Hemodynamic and renal excretory effects of human brain natriuretic peptide infusion in patients with congestive heart failure: A double-blind, placebo-controlled, randomized crossover trial

Lee S. Marcus, Douglas Hart, Milton Packer, Madeline Yushak, Norma Medina, Robert S. Danziger, Daniel F. Heitjan, Stuart D. Katz

Research output: Contribution to journalArticlepeer-review

302 Scopus citations

Abstract

Background: The pharmacological effects of infusion of human brain natriuretic peptide (hBNP) in patients with severe congestive heart failure have not been characterized previously. Methods and Results: Twenty patients with severe congestive heart failure were randomized in a double-blind, placebo-controlled, crossover trial to receive incremental 90-minute infusions of hBMP (0.003, 0.01, 0.03, and 0.1 μg/kg per minute) or placebo on 2 consecutive days. At the highest completed dose of the hBNP, mean pulmonary artery pressure decreased from 38.3±1.6 to 25.9±1.7 mm Hg; mean pulmonary capillary wedge pressure decreased from 25.1±1.1 to 13.2±1.3 mm Hg; mean right atrial pressure decreased from 10.9±1 to 4.8±1.0 mm Hg: mean arterial pressure decreased from 85.2±2.0 to 74.9±1.7 mm Hg; and cardiac index increased from 2.0±0.1 to 2.5±0.1 L/min per square meter (all P<.01 versus placebo). Urine volume and urine sodium excretion increased significantly during hBNP infusion when compared with placebo infusion (90±38 versus 67±27 mL/h and 2.6±2.4 versus 1.4±1.2 mEq/h, respectively, both P<.05 versus placebo), whereas creatinine clearance and urinary potassium excretion did not change.

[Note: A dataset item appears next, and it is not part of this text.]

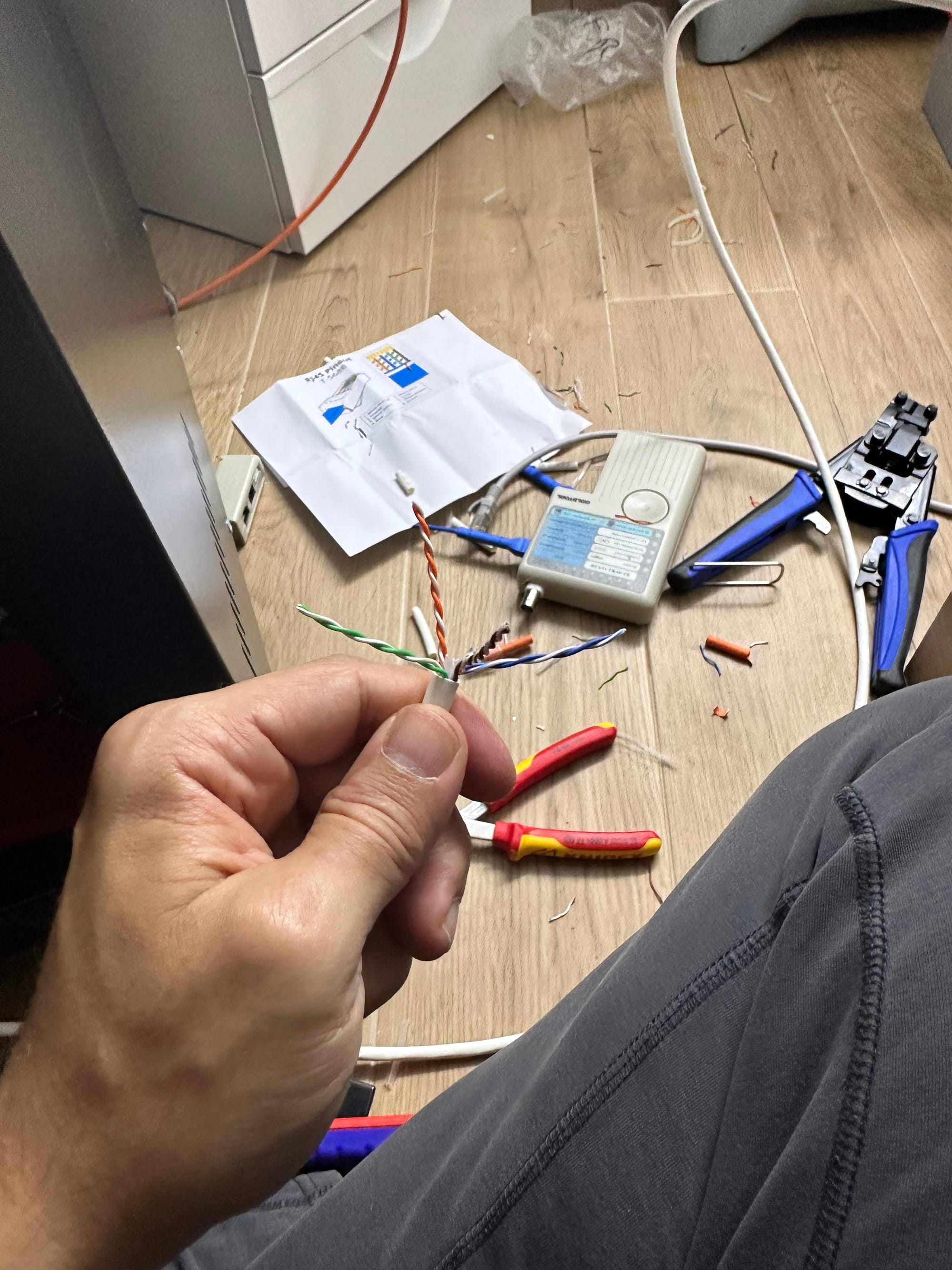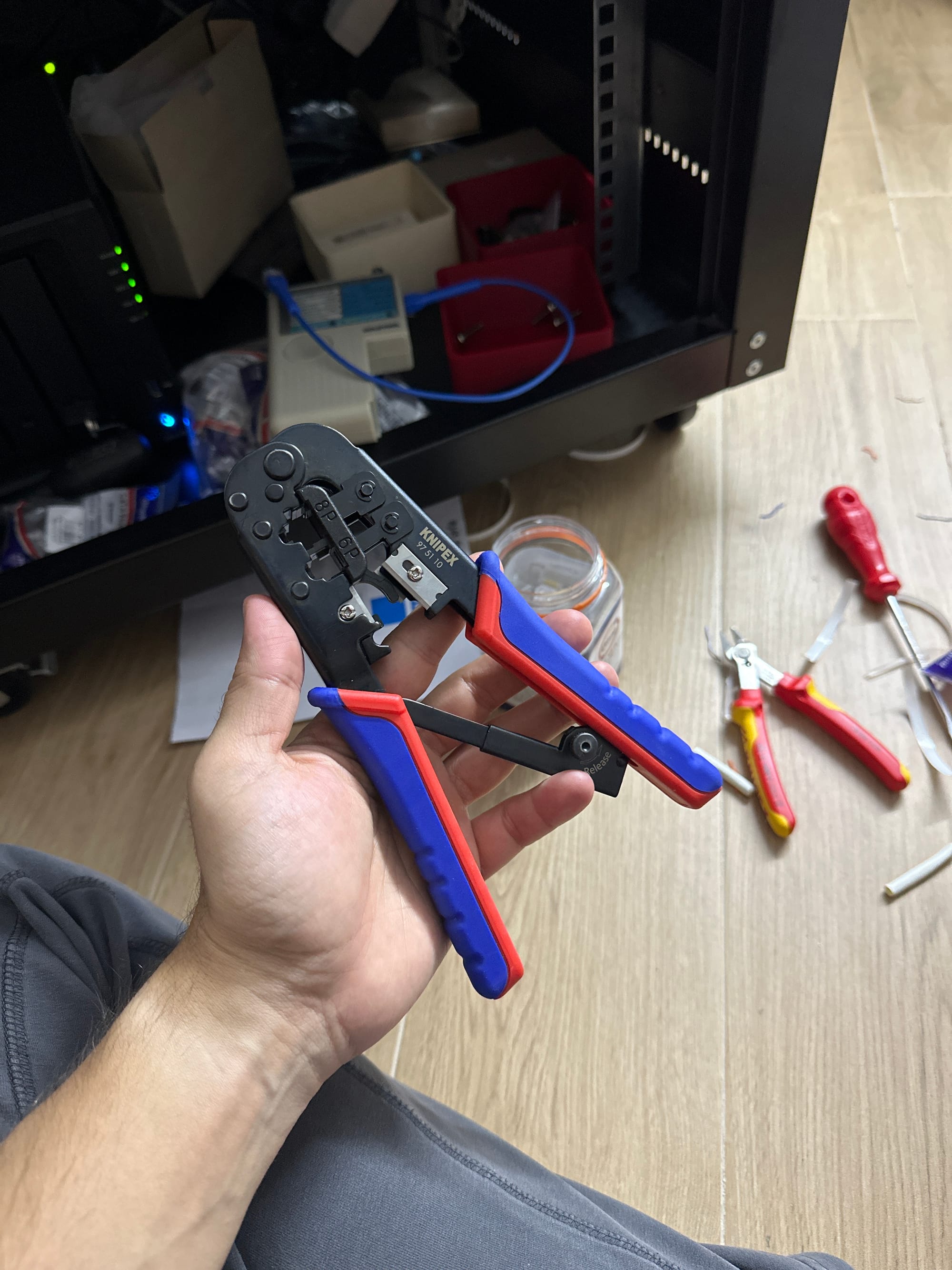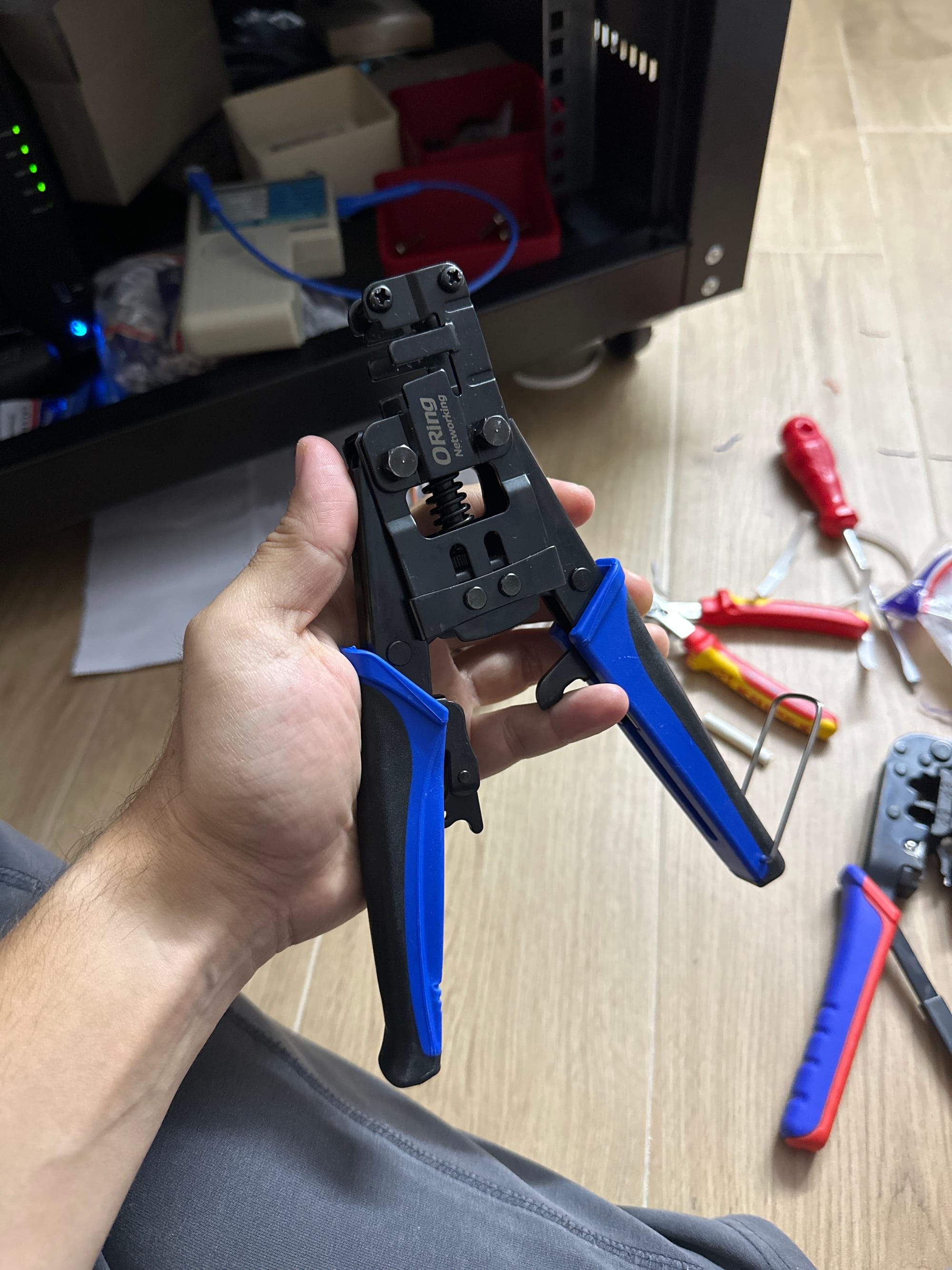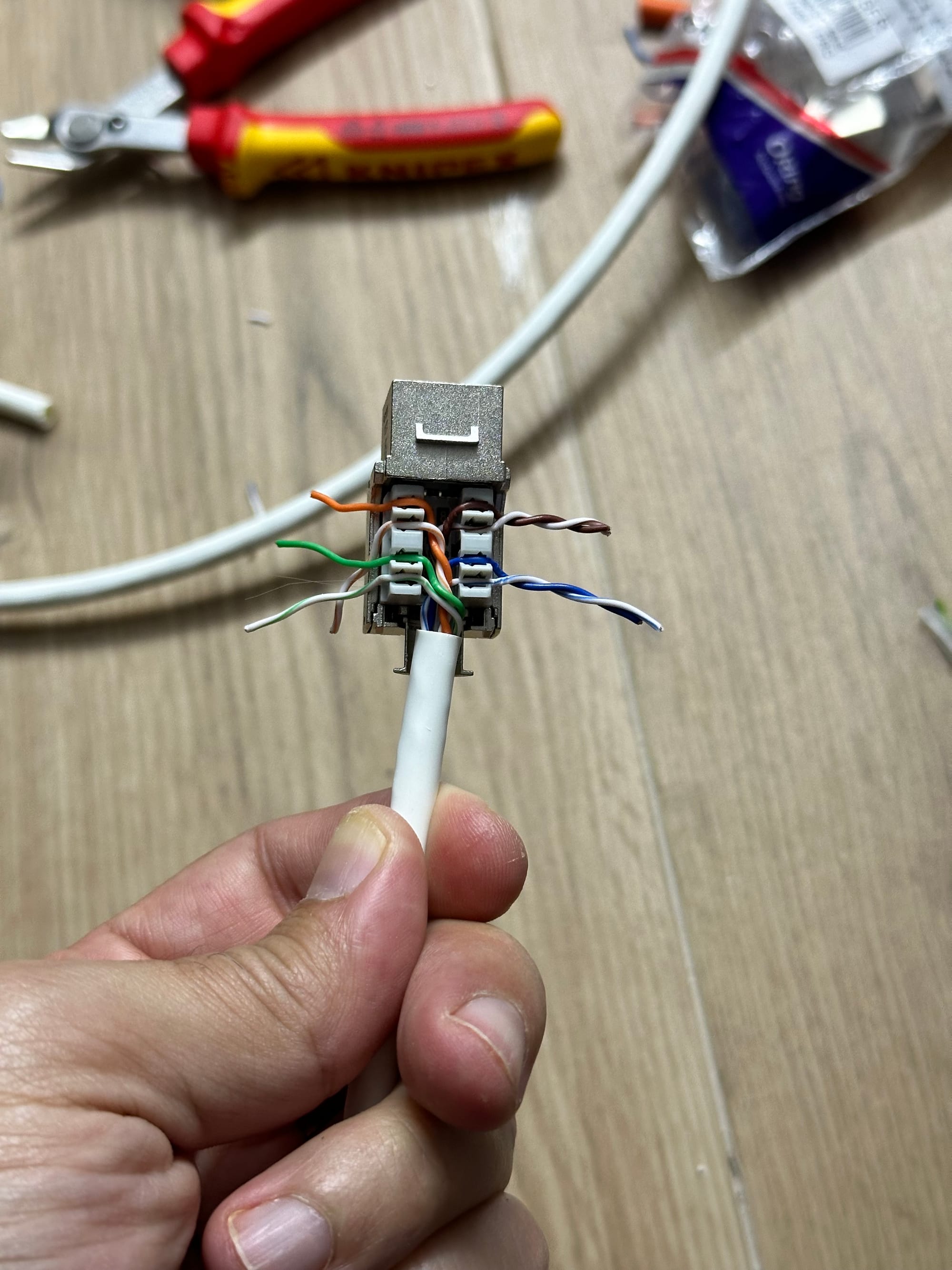 This was the most challenging part of the whole homelab project. At one end was a keystone jack (female part), and on the end was an RJ45 socket (male part). So I needed two tools—one tool for punching down cables into the Keystone jack and another one to crimp RJ45 cables.

Conclusions: Infusion of incremental doses of hBNP is associated with favorable hemodynamic and natriuretic effects in patients with severe congestive heart failure.

Original languageEnglish (US)
Pages (from-to)3184-3189
Number of pages6
JournalCirculation
Volume94
Issue number12
DOIs
StatePublished - 1996

Keywords

  • drugs
  • heart failure
  • hemodynamics
  • natriuretic peptides
  • pharmacology

ASJC Scopus subject areas

  • Cardiology and Cardiovascular Medicine
  • Physiology (medical)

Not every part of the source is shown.